Officer cited for his cool With violent teen, he used guitar PASADENA

December 04, 1992|By John A. Morris | John A. Morris,Staff Writer

Officer Brian D. Smith is no Dirty Harry. In fact, when confronted last spring by a violent teen-ager, he reached not for his gun, but for his guitar.

The 15-year-old boy, upset by the not-guilty verdict in the Los Angeles beating of Rodney King, had smashed up his parents' home with a guitar when police arrived.

The officers tried to calm him, but "he wouldn't even acknowledge that we were there," recalled Officer Smith, recently named Police Officer of the Year for the Eastern District, which includes Pasadena. "But then I saw the guitar and figured maybe that was his hobby. It turns out it's the only thing he wanted to talk about."

The next day, Officer Smith thought of the guitar he kept beneath his bed, brushed away the cobwebs and drove it over to the boy's Severna Park home. That made a lasting impression on the boy's father and Officer Smith's supervisors, who recommended him for the Officer of the Year award.

"Officer Smith is a social worker with a side arm," said Sgt. Cleveland E. Smith, who supervises Officer Smith's midnight shift.

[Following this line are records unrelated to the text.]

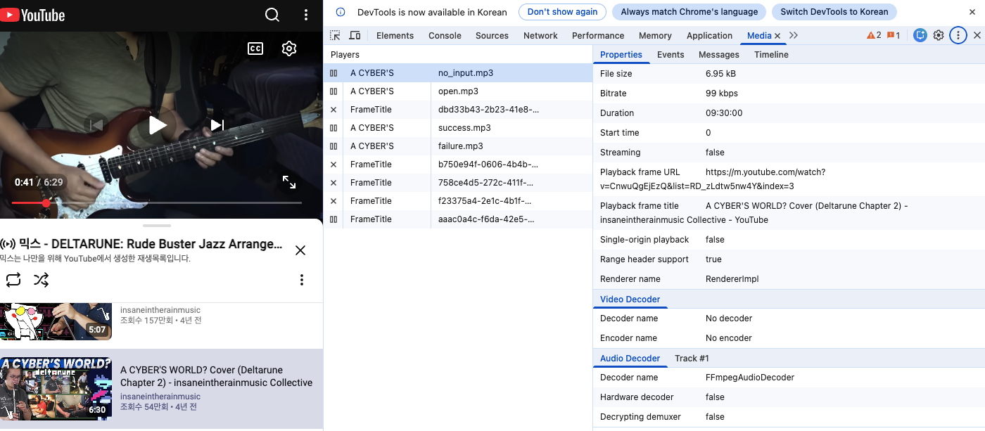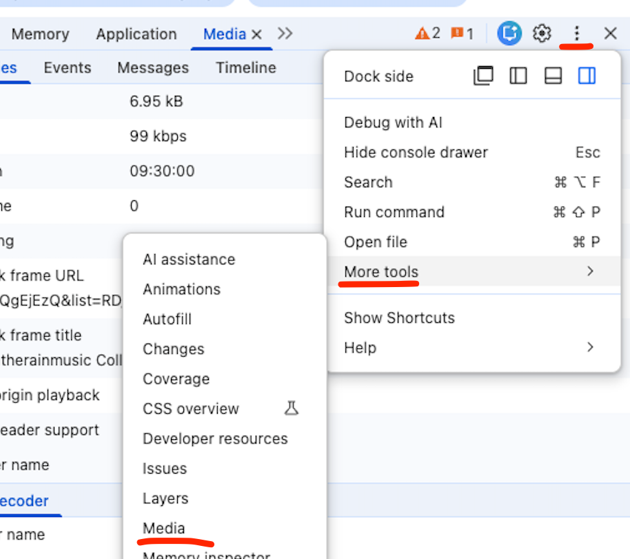 Chrome DevTools의 Media 패널로 영상의 로딩 상태, 버퍼링, 코덱 정보, 에러 등을 확인할 수 있다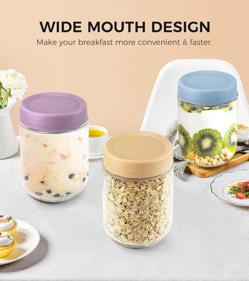 Ensemble de pots en verre modernes de 16oz, vente en gros de 4 pièces, bocaux Mason hermétiques pour la préparation de repas d'avoine de nuit, graines de chia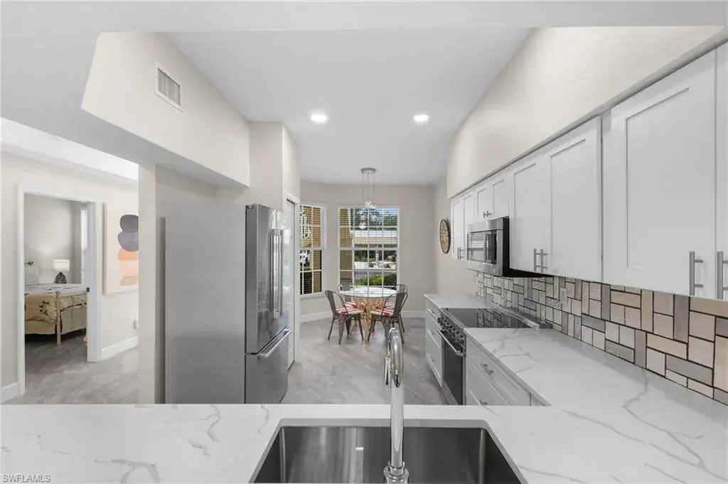 Experience the luxury of bundled-golf course living with immediate golf membership included in this spacious 2-bedroom, 2-bathroom condo, nestled within the prestigious Stonebridge Country Club. Perfectly positioned on the first floor, this sought-after residence boasts picturesque views of both the golf course and the adjacent lake, epitomizing tranquil elegance. The interior unfolds into a bright open-plan living area bathed in natural light, fostering a welcoming ambience. At the heart of this abode lies a gourmet kitchen, outfitted with contemporary stainless steel appliances and abundant storage space, making every culinary endeavor a delight. In 2021, the kitchen underwent significant upgrades, including new cabinetry, quartz worktops, a modern sink faucet, enhanced lighting solutions, and stylish 20×20 floor tiles, complemented by luxury appliances from Bosch and Electrolux. The primary suite, with its bespoke built-in wardrobes and new flooring, offers a blend of comfort and functionality, leading into a primary bathroom showcasing a glass-panel walk-in shower, freshly tiled surrounds, new cabinetry, quartz surfaces, and a recently installed toilet. Similar enhancements grace the guest bedroom and bathroom, featuring new flooring, baseboards, cabinetry, quartz countertops, and bathtub tiling. Living in this exclusive community opens doors to a socially engaging lifestyle, complete with access to pristine golfing facilities and the warm camaraderie found at the eagerly awaited Bistro. A world where leisure and connection seamlessly converge awaits in this vibrant enclave.
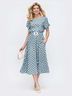 Повседневное платье в ретро-стиле из лёгкого софта в крупный "горох". Силуэтности изделию придаёт эластичная деталь в поясе. Для удобства в боковых швах предусмотрены карманы. Широкий пояс из основной ткани с массивной пряжкой в комплекте.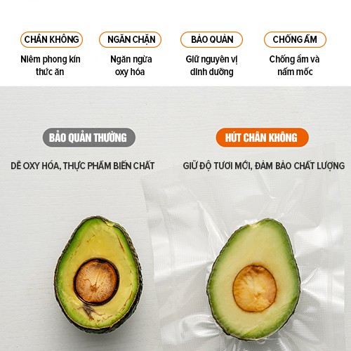 – Công dụng: Hút chân không + hàn túi nilon giúp bảo quản thực phẩm tốt hơn, lâu hơn và giữ được dinh dưỡng của thực phẩm.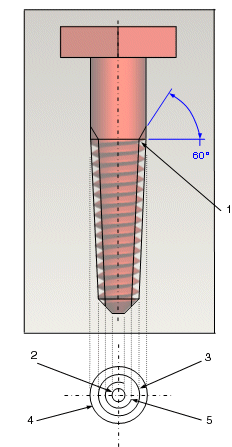 下图是叠加在细节模型上、显示为同心圆的锥形螺纹轴的简化表示: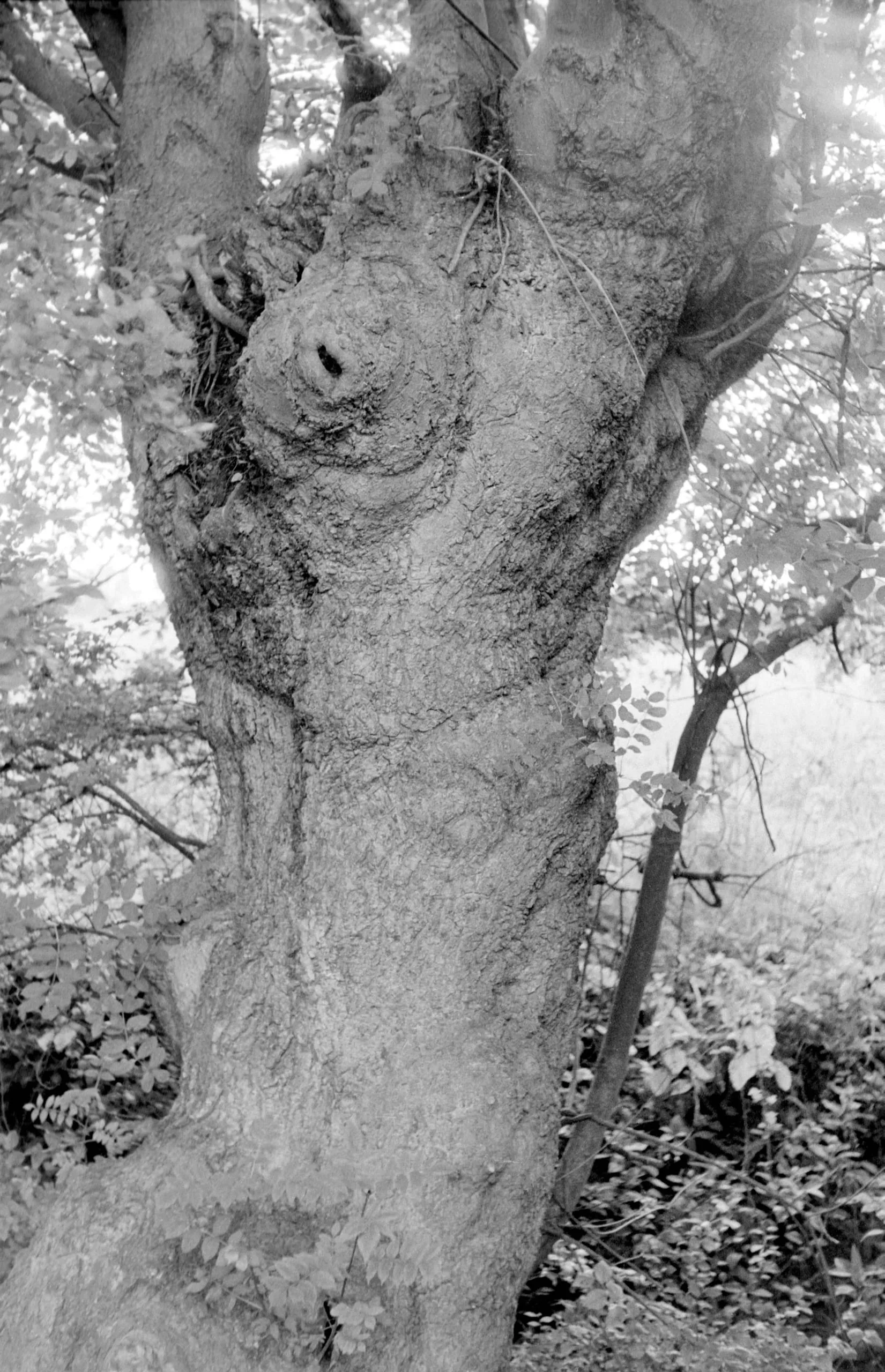 Black and white photograph of a massive, gnarled tree trunk with deeply furrowed bark and a prominent burl, surrounded by leafy woodland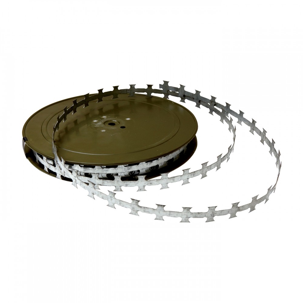 Plochá žiletková páska – šířka pásky 2 cm, balení 50 m, vzdálenost mezi ostny 2,5cm. Slouží jako prvek nejvyšší ochrany.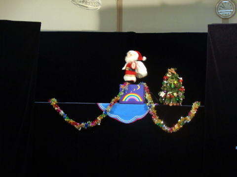 「お話玉手箱」のみなさんとは、長~いお付き合いです。20年以上ですかね。失敗しても慰めてくれます(*^-^*)。毎年変わらずのクリスマス会ですが、その変わらないというのが良いですね。客席の飾りつけも少しずつ足したり引いたりしながらのサンタさん人形です。会うとホッとします。「夢まあるく舎」の人形劇も、その仲間です(*^-^*)。

Charles Mattice, president of the Eastern District Community Relations Council, said Officer Smith, 26, was chosen from among seven other nominees. He received his award during a ceremony at the Mountain Road police station last month.

He said the 5-year-old awards program helps make the community aware of the what police officers do.

"It's not one outstanding thing the officers do -- it has to be something that they do throughout the year," Mr. Mattice said.

Sergeant Cleveland's recommendation stressed Officer Smith's manners, responsiveness and professionalism in dealing with the public -- including criminal suspects.

"Mindful of their civil rights and their dignity as human beings, Officer Smith does not use excessive force or antagonize persons in police custody," Sergeant Cleveland wrote.

For his part, Officer Smith said he's not sure why he was singled out for the honor. "Anybody on the midnight shift could have gotten this award," he said. "They all do a great job."

Raised in Linthicum and educated at Archbishop Spalding High School, Officer Smith said he joined the Baltimore City force as cadet seven years ago. Why?

"Good question. Mostly for the excitement, I guess. My old high school principal, this is the last job I'm sure he ever thought I'd get into."

He definitely found the excitement he was looking for.

"Living in Linthicum, I didn't have any dealings with violent crime. Working in Baltimore City was an eye opener. It was out of control."

Gradually, the shootings and armed robberies began to seem routine. "You start building a tolerance to them," he said.

Four years ago, he was lured to the Anne Arundel force by the prospect of higher pay and his own patrol car.

"Literally, I turned in my equipment in Baltimore City one day and was working the Arnold area the next," he said. "It was quite a shock. It's a lot slower pace. [The county] has its share of crime, but it's not as violent as the city."